Hi, a few final touches to the trim on my tank, I'm a Huge Liverpool Football Club Fan, my Tank room is my Den and has numerous pieces of LFC memorabilia, so I thought it was fitting to add some Liverpool touches to my tank. :lol:
My son owns a Company that has a Laser which is able to to cut and etch various materials, so I asked him to cut the Letters out of Plywood which I stained and fixed to the tank, and the club badges were etched on to a material called Traffalite. I think it looks cool!


----------



## Keleborn (Aug 26, 2013)

Great job on personalizing your stand & hood! Love your selection of fish, too! And I always love live plants!


----------



## Tazman (Jan 15, 2012)

Love the customizing of the lettering. It makes the tank stand out.

Keep us posted on it's progress, it looks very good.
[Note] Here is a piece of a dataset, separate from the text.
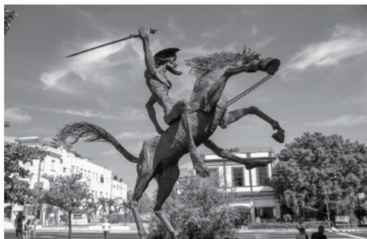
↑ Estatua de Don Quijote en La Habana, Cuba.

Congrats on the workmanship 

Did you name the sides "The Kop" and "Anfield Road, what would really make it stand out is if you could get a custom Bill Shankly Tank ornament made somewhere.


----------



## phiza (Mar 16, 2013)

Tazman said:


> Love the customizing of the lettering. It makes the tank stand out.
> 
> Keep us posted on it's progress, it looks very good.
> 
> ...


Now there's an idea!!!! ;-)


----------